( excerpt from The Memory Project )

Lieutenant Don Black arrived in Normandy a short time after the events of June 6. He may have been involved in the breakout from Caen for he received a telegram somewhere “on active service in the field” informing him of the accidental death of his father, struck by a motorist as he stepped from a streetcar in Toronto’s west end. That was August 27, 1944. There are letters, pictures and souvenirs that indicate that he made his way through Belgium and into Holland, possibly taking part in efforts to clear the Scheldt Estuary. It was here that he was seriously wounded. A machinegun round entered through his inner right thigh, close to the groin, and exited the right buttock, miraculously missing bone and major arteries. He was exceptionally fortunate regarding the femoral artery because in the engagement, as he related it, he was captured by German troops. He might easily have bled to death but for fate or chance. He was liberated the next day by advancing Canadian troops, then sent to the rear to a field hospital. His later recovery was in England. I recall him complaining about the injustice of losing his Colt automatic to his captors. Much later when he was re-supplied, all he was given was a Smith Wesson .38 revolver. As a souvenir to bring home he said he would have preferred the Colt.

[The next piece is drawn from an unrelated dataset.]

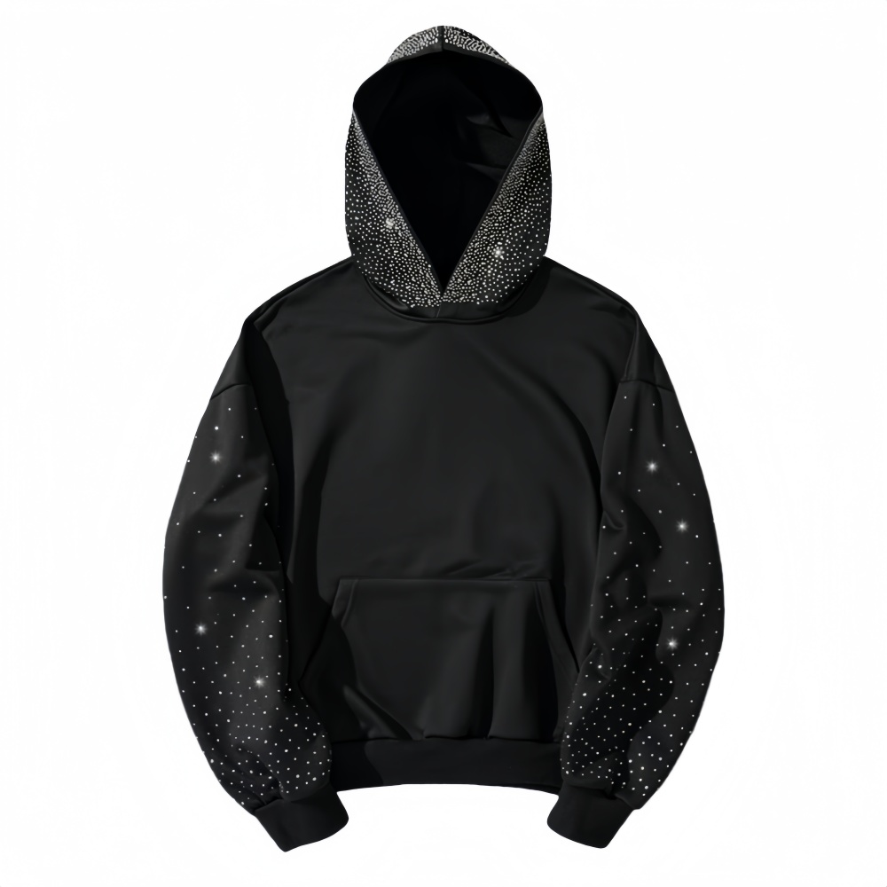 First, always start with a pre-wash inspection. Lay the hoodie flat and check for loose rhinestones, frayed threads around embellishments, or any stains. If you find loose stones, secure them temporarily with a small amount of fabric glue (choose a clear, flexible formula) and let it dry completely before washing—this prevents them from falling off during the cycle. For stains (e.g., food, sweat), spot-treat them gently with a mild detergent. Dab the stain with a damp cloth (avoid rubbing, as this can dislodge stones) and let the detergent sit for 5–10 minutes. Never use harsh stain removers, bleach, or ammonia, as these can weaken the glue holding the rhinestones and damage the fabric.

He once mentioned to me that he lost his Sergeant (and friend) the day he was wounded. He also told me the name and I have found the entry for Sgt. Skarott, David Albert – (Tor Scot R) in the Canadian Book of Remembrance, WWII, 1945, pg. 564 (left-hand column, second from bottom).

As lasting evidence of his injury, his right calf muscle was always much smaller than his left and on cold damp days he would mention the ache and stiffness that remained.

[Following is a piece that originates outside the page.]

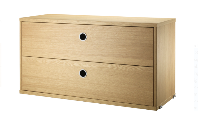 The chests of drawers are available in two widths, 78 and 58 cm, and one depth, 30 cm. The chests of drawers fit into all 30 cm deep wire and plex panels from String® System. They are designed with two drawers to offer hidden storage in your shelving combination. The chests of drawers are a great fit in either the hallway, living room or kids’ room where the need for hidden storage often is big. Chest of drawer w58 x d30 x h42 cm has internal dimensions (for each drawer) depth 23.7 cm, width 51.3 cm and height 16 cm. Chest of drawer w78 x d30 x h42 cm has internal dimensions (for each drawer) depth 23.7 cm, width 71.3 cm and height 16 cm. The chests of drawers are delivered unassembled.

The wound that day was a blessing. While he was at the rear in a field hospital, his company took a mortar round, killing several and wounding others. It might well have been him. Several letters exchanged between him and Captain Bill Drinkwater tell of how badly shaken the rest of the company were. Don Black insisted that his gear and cigarettes be distributed among his remaining “boys”. He was now safely out of the action.

There were two barely visible scars across his back, the result of a round that passed through his webbing and uniform, just grazing the skin.

One story that he told mentioned several broken ribs when his batman drove their jeep into the back of another army vehicle. He never said if this was in the early days in England or later in Europe.  Nor did he indicate their state of intoxication.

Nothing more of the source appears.